In this article, we explore the potential of Large Language Models (LLMs) for cybersecurity, focusing specifically on DDoS attack detection in IoT System and contrasting their benefits against traditional neural networks. Utilizing OpenAI’s GPT-3.5, GPT-4, and Ada models, we assessed LLMs’ capabilities in identifying DDoS threats across two distinct datasets: CICIDS 2017 [20] and the more complex Urban IoT Dataset [10]. By supplying context in few-shot method or through fine-tuning, LLMs can analyze network data, detect potential DDoS attacks, and provide insights into their reasoning. Our evaluations revealed that on the CICIDS 2017 dataset, few-shot LLM methods with only 10 prompt samples approached an accuracy of 90%, whereas fine-tuning with 70 samples achieved about 95%. On the challenging Urban IoT Dataset, in the case of aggressive DDoS attacks, few-shot techniques attained a 70% accuracy, while fine-tuning reached nearly 96%. When compared to a multi-layer perceptron (MLP) model trained with a similar number of few-shot samples, LLMs outperformed the MLP. Notably, LLMs demonstrated the ability to articulate the basis of their DDoS detections in few-shot learning and showed great potential. However, they were prone to hallucination in the fine-tuning method.

The rest of this paper is organized as follows: Sect. 2 presents the related work that have been done in this area. In Sect. 3, we present the DDoS detection methodologies have been utilized in this research, including zero-shot, one-shot, and few-shot LLMs and fine-tuning LLMs. In this research, we also compared the performances between the traditional multi-layer perceptron (MLP) models and LLMs. In this way, in Sect. 4, we illustrate the procedure to create the general training dataset to be used for training, and validating. The parameters of MLP models and hyper-parameters of LLMs are also described in this section. Section 5 shows the evaluation and analysis of the introduced models. Lastly, Sect. 6 provides a summary of this work.

2 Related Works

With the advent of the Internet and the proliferation of mobile applications, the digital landscape has seen a marked increase in vulnerabilities. Traditional security protocols and measures have been rendered insufficient in the face of these continuously evolving cyber threats. In this context, Machine Learning (ML) offers innovative solutions to bolster cybersecurity. However, its efficacy is still under scrutiny, especially since adversaries have found ways to exploit inherent weaknesses in ML-based defenses [21].

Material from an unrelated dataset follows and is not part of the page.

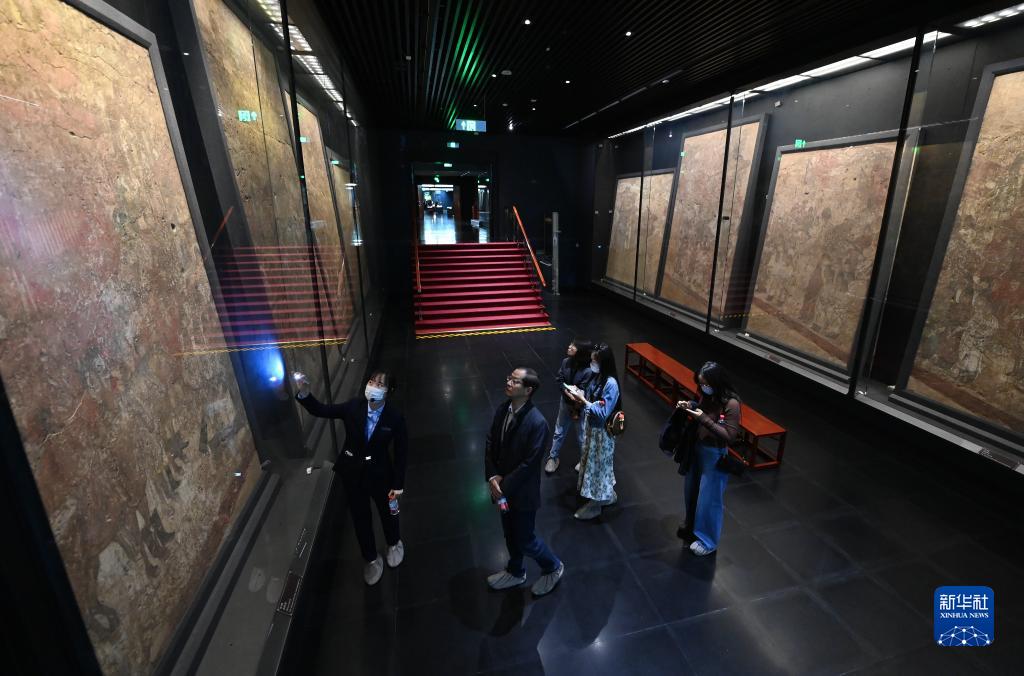 5月11日,游客在陜西歷史博物館唐代壁畫(huà)珍品館內參觀(guān)繪制于懿德太子墓的《闕樓儀仗圖》。

Language modeling, a core component in computational linguistics, has undergone significant transformations over the years. Earlier models were predominantly statistical. Today, the paradigm has shifted towards neural models, especially with the advent of pre-trained language models (PLMs) that employ the Transformer architecture on a large scale. When these models are scaled up—both in terms of size and computational prowess—they metamorphose into what are known as large language models (LLMs). These LLMs not only outperform their predecessors but also display a myriad of novel capabilities. An exemplar in this category is ChatGPT [28]. Recent research suggests that LLMs possess an inherent capability for reasoning. However, the exact bounds and depth of this capability remain subjects of intensive research [11]. In the nexus between artificial intelligence and network security, LLMs hold the promise of a formidable defense against cyber threats. By leveraging models like GPT-4, we can significantly augment the resilience of cybersecurity systems, granted they are implemented judiciously [12].

Despite the potential advantages, it’s imperative to note the nascent stage of research in employing LLMs specifically for network security. A recent work in this domain by Ferrag et al. [7] proposed SecurityLLM, an integrated model that addresses cybersecurity threats. This model marries two distinct elements: SecurityBERT, which focuses on threat detection, and FalconLLM, designed for incident response. They embarked on the journey of fine-tuning an LLM, grounded in the Transformer architecture, to discern potential threats. Furthermore, they engineered FalconLLM to craft responses to these detected threats. However, a significant lacuna in their work is the absence of reasoning behind identifying an attack. Moreover, the responses generated by FalconLLM tend to be overarching and lack the specificity required for individual systems. Contrasting this, our approach aims to harness a pre-trained LLM, not only for the purpose of detection but also to elucidate the reasoning behind identifying a network security incident.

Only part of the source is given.